On the heels of her hugely successful debut novel, Everything I Never Told You, the second literary effort from Celeste Ng (@pronounced_ing) is called Little Fires Everywhere, but could very well be titled “A Heartbreaking Work of Staggering Genius” (if not for Mr. Eggers) or simply “Trainwreck Central” (if only that title wouldn’t cause so much confusion among train enthusiasts). Call it beautiful, astounding, revelatory, captivating – just don’t call it late for the fireworks. And that’s because there are plenty of them in this rich tapestry of voices and shared histories.

Through Little Fires Everywhere, we are witness to an author who, with a practiced deftness beyond her years, delves into the intimate pasts of so many men and women, boys and girls, to bring about a cavalcade of experiences that are somehow, in some way far past the reader’s imagination, connected.

This novel reminded me so much of Jonathan Franzen’s Freedom in all of the good ways – excellent character development, an intriguing plot, a window into the human condition – but with a tighter ending than what some would call Mr. Franzen’s opus.

Now this is ironic, for me at least, because of who Ms. Ng’s publisher has chosen to be the frontline supporter for Little Fires Everywhere: Jodi Picoult. There’s Ms. Picoult’s name splashed across all editions of the novel! And why not? Jodi Picoult is the bestselling author of something like 254 novels on…you guessed it! The New York Times bestseller list.

But within the publishing world, she’s also known as one of two women, along with fellow bestselling author Jennifer Weiner, who stood up to the alleged “literary establishment’s shoddy treatment of commercial writers” in the wake of “Freedomgate.” Jason Pinter wrote an article about this, “Jodi Picoult and Jennifer Weiner Speak Out on Franzen Feud,” in which he interviewed both women.

Apparently, Ms. Picoult and Ms. Weiner got caught in the crossfire after Franzen published Freedom, landed himself on the cover of Time magazine, and had the Times drooling all over him and everything Midwest or Minnesotan.

Ms.

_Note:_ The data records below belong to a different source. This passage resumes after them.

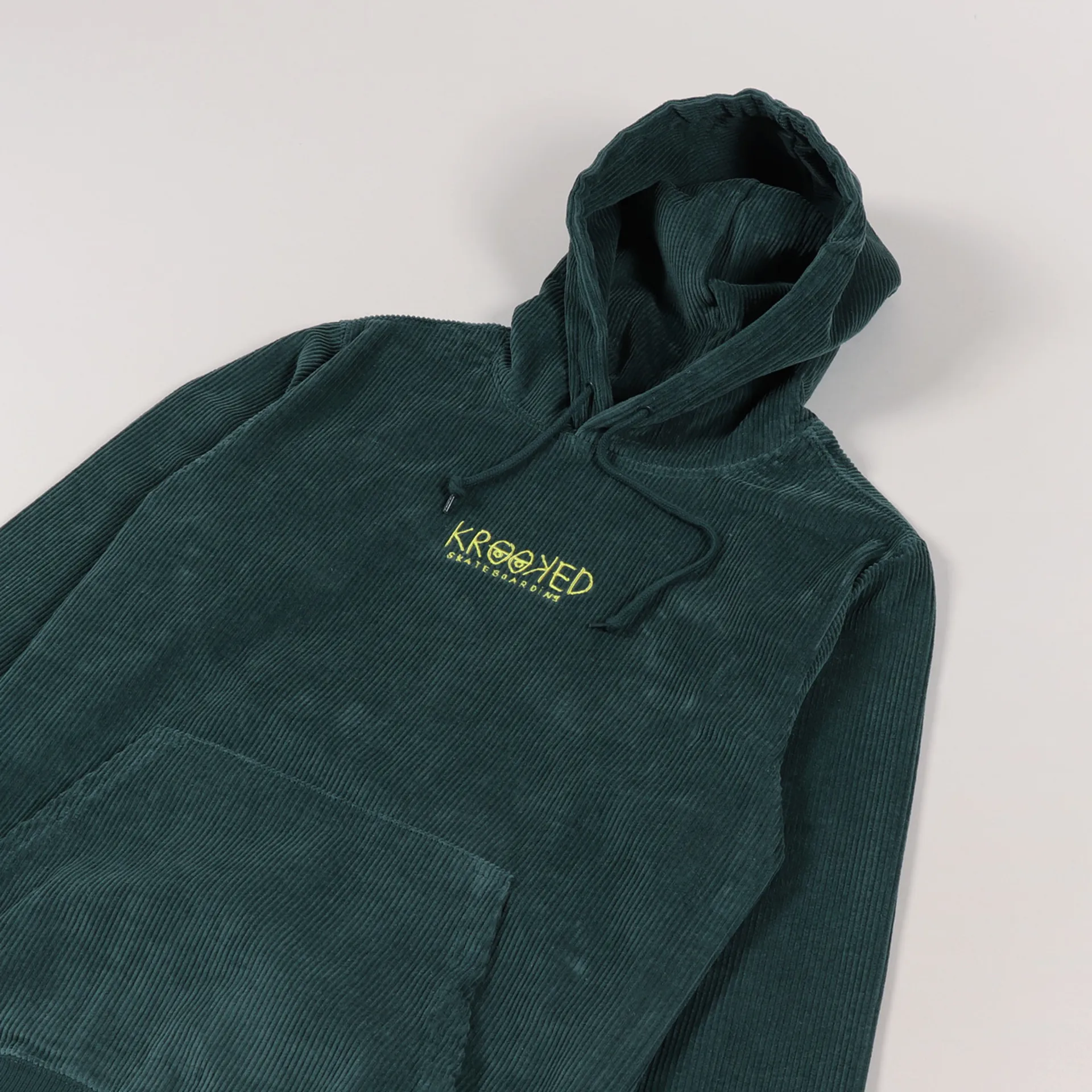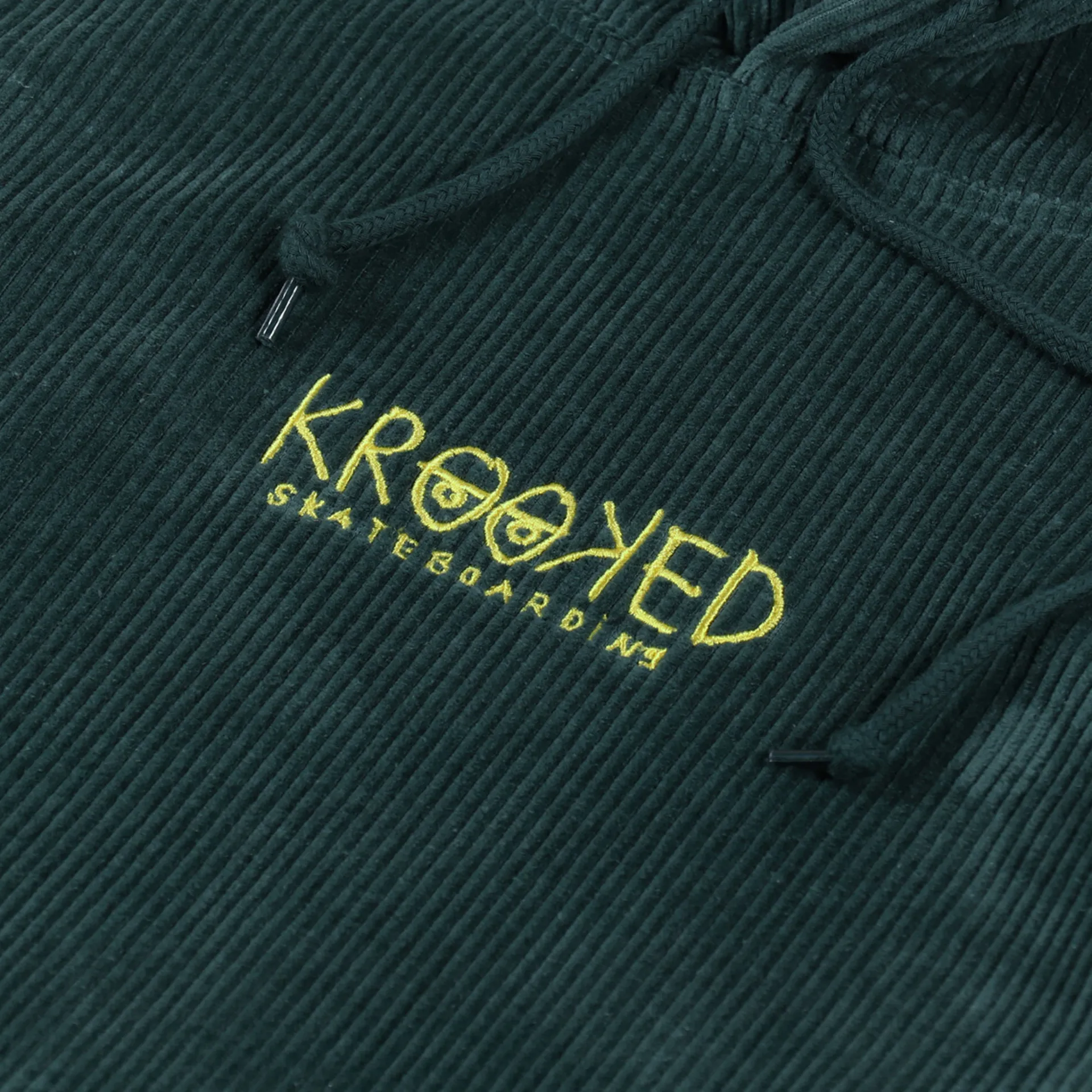 Krooked Eyes Embroidered Hoodie Green Corduroy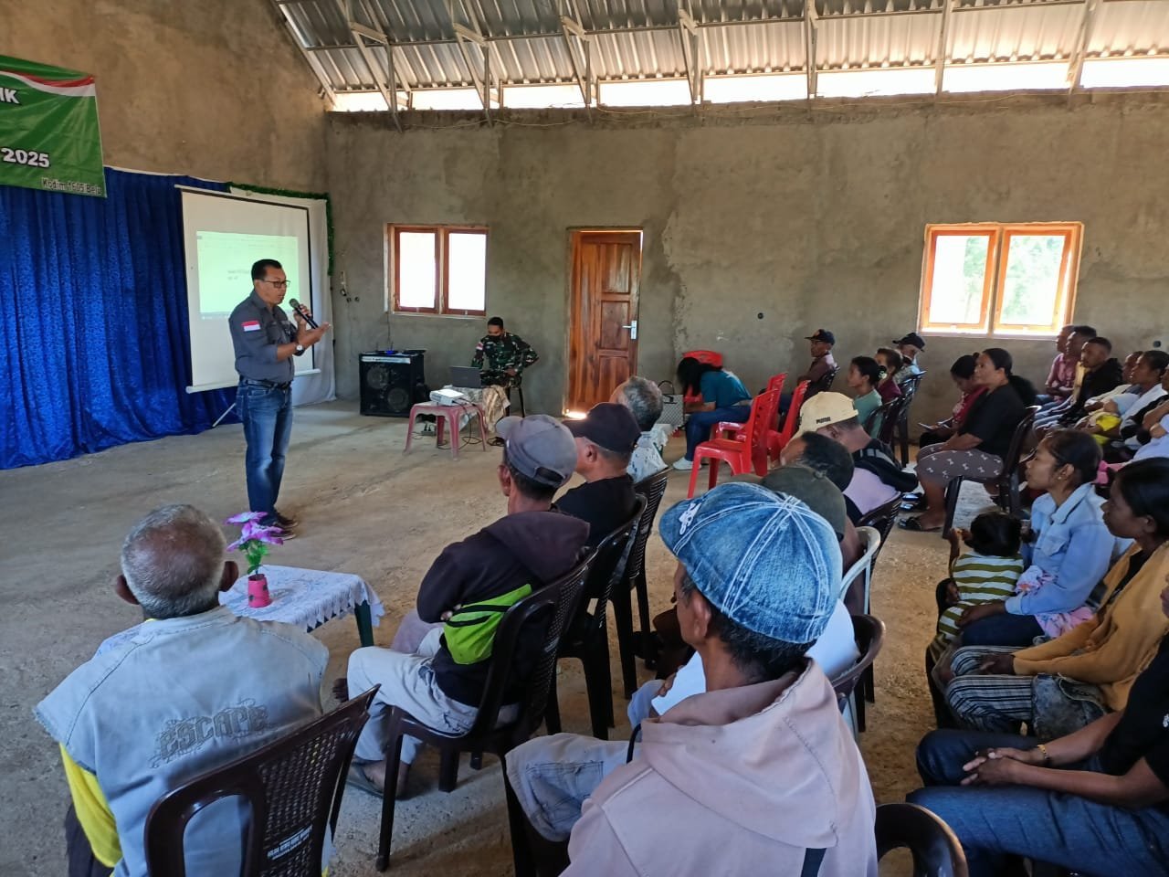 BELU – Satgas TMMD ke-125 Kodim 1605/Belu bersama Dinas Peternakan dan Perikanan Kabupaten Belu melaksanakan penyuluhan kesehatan hewan ternak kepada warga Desa Naekasa, Kecamatan Tasifeto Barat, Jumat (15/8/2025). Kegiatan ini berlangsung di Gedung Gereja GBI Maranatha Dusun Mauulun dan dihadiri puluhan masyarakat yang sebagian besar berprofesi sebagai peternak sapi, babi, maupun kambing.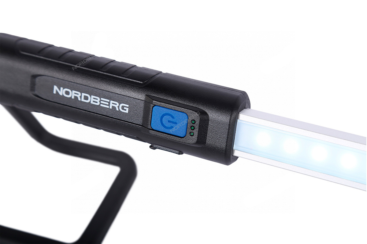 Светодиодный аккумуляторный подкапотный фонарь NORDBERG 1972 – осветительный прибор для профессионального использования в автосервисах и СТО. Предназначен для освещения моторного отсека автомобиля, обеспечивая яркое и направленное освещение при поднятом капоте для обслуживания двигателя и других компонентов.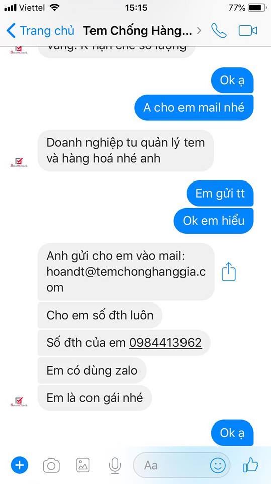 Để chứng minh việc mua tem CHG dễ dàng như mua…rau, chúng tôi đã truy cập vào một số trang mạng chuyên rao bán tem CHG. Giả làm người buôn chuyên nhập hàng mỹ phẩm xách tay muốn mua tem CHG dán vào sản phẩm, nhân viên tên Hoàn tỏ ra khá dè dặt, cảnh giác. “Bên em làm tem CHG phải có giấy tờ đầy đủ, nếu không có giấy tờ thì không ai dám làm đâu. Nếu anh có giấy phép kinh doanh cũng được, bên em sẽ làm cho anh”. Khi chúng tôi nói sẽ mượn giấy phép kinh doanh của đơn vị khác, sau đó nhờ làm thì nhân viên này cũng đồng ý. Sau một hồi làm việc qua lại về mẫu, bảng báo giá nhân viên Hoàn cho biết: số lượng ít nhất một đơn hàng là 10.000 chiếc, nhiều bao nhiêu cũng không giới hạn. Trước khi chốt đơn hàng, mẫu, giá cả nhân viên này dặn dò: “Doanh nghiệp tự quản lý tem và hàng hoá…”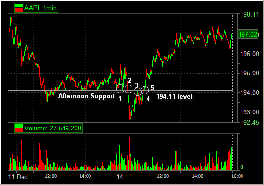 I would like to discuss an important intraday level that we identifed in AAPL from Friday’s trading action. The level was 194.11 and we were able to use it a bunch of times the past two days. 194.11 acted as a key support level from 12:00pm to the Close on Friday. We highlighted this level as a good place to get long AAPL on the Open if it touched this price. Stocks that gap above prior afternoon’s support tend to bounce off of this level right on the Open.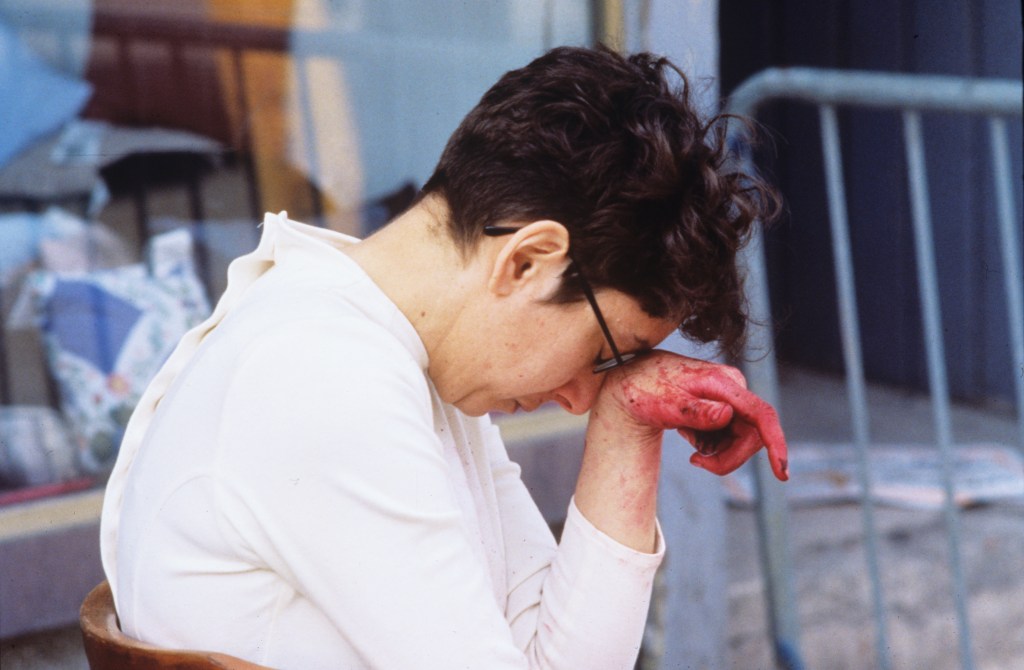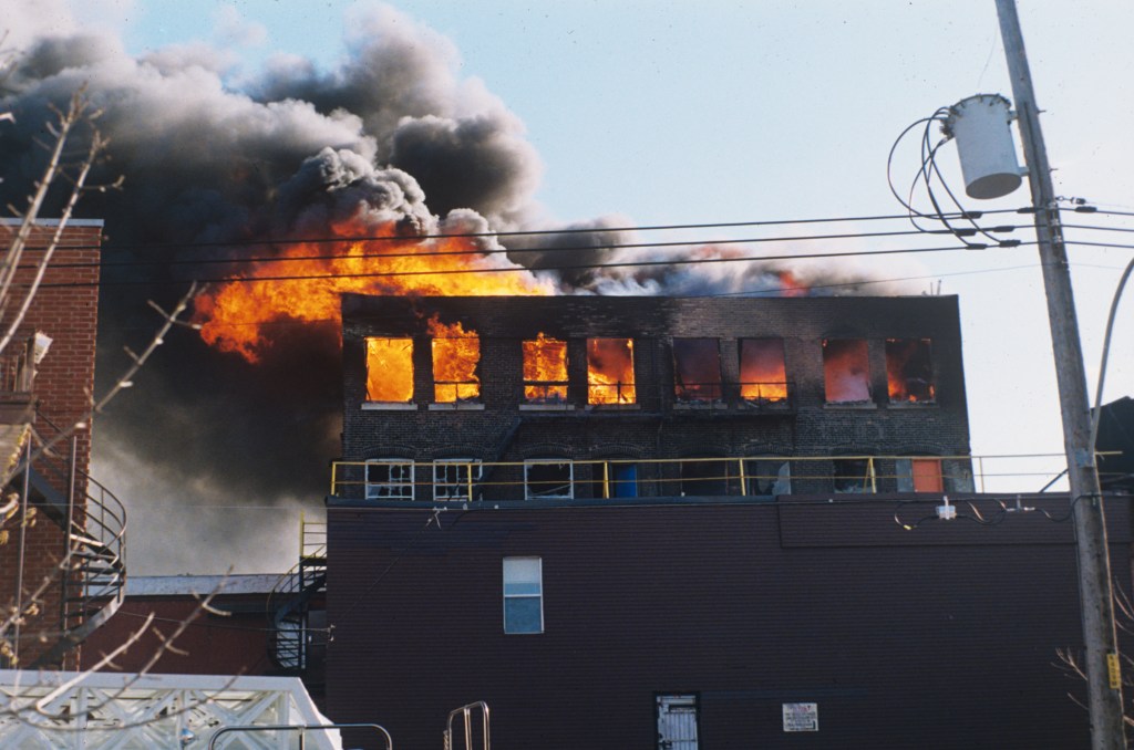 Devora's house burning, photo from s(us)tainingIn s(us)taining (1996), Devora performed an intimate, symbolic ritual on Montreal’s Notre Dame Street, peeling beetroots while barefoot in a white dress to process the trauma of losing their home to arson. This act, inspired by a dream they had of their Russian grandmother’s stained hands during Passover preparations, became a meditation on memory, resilience, and artistic rebirth. Through the presence of their photographer friend Mario Belisle, Devora found validation, witnessing, and a new artistic beginning, grappling with loss and exploring the themes of memory and healing.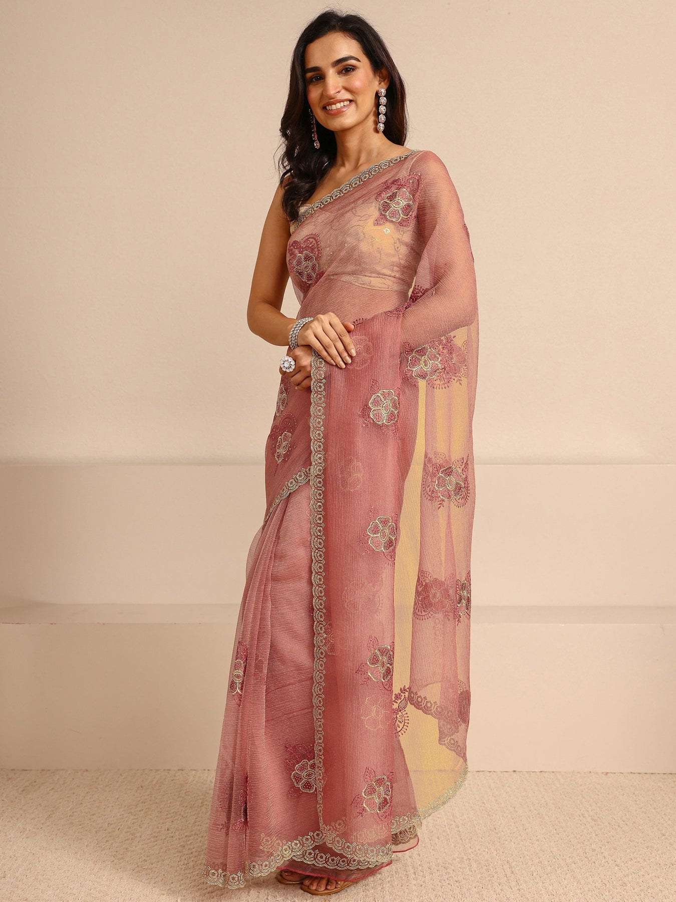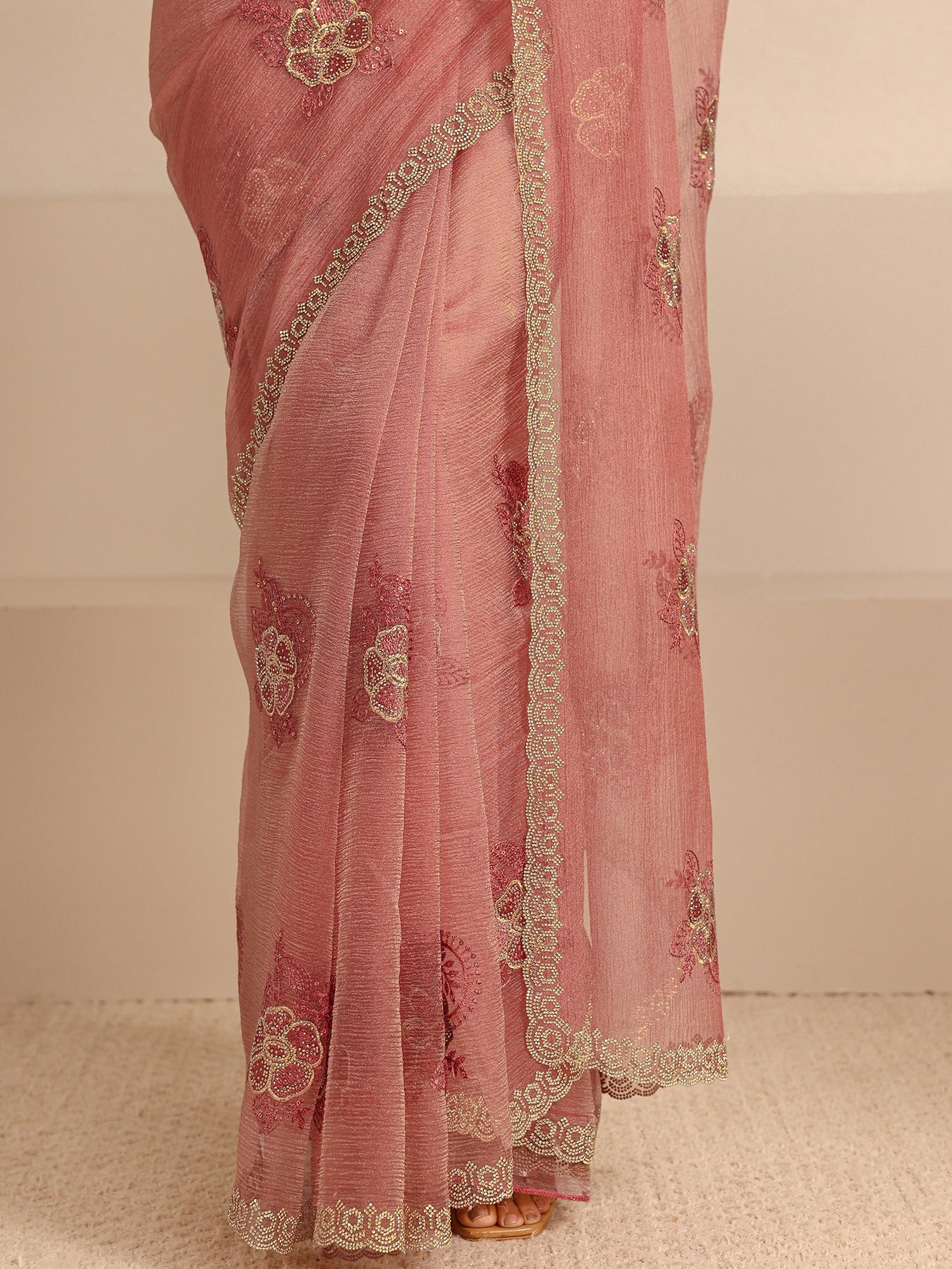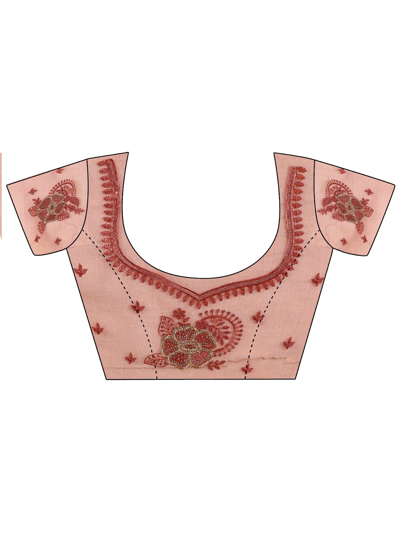 Peach Embellished Tissue Saree With Unstitched Blouse Piece

Weiner summed up her point quite nicely by stating in the above interview:

“I think it’s a very old and deep-seated double standard that holds that when a man writes about family and feelings, it’s literature with a capital L, but when a woman considers the same topics, it’s romance, or a beach book – in short, it’s something unworthy of a serious critic’s attention.”

I won’t concern myself with this curfuffle/kerfuffle – or whatever it is – but I will say that Little Fires Everywhere is most definitely Literature, prose fiction, or whatever the France label you want to put on it to make it sound more part of la noblesse or the literati.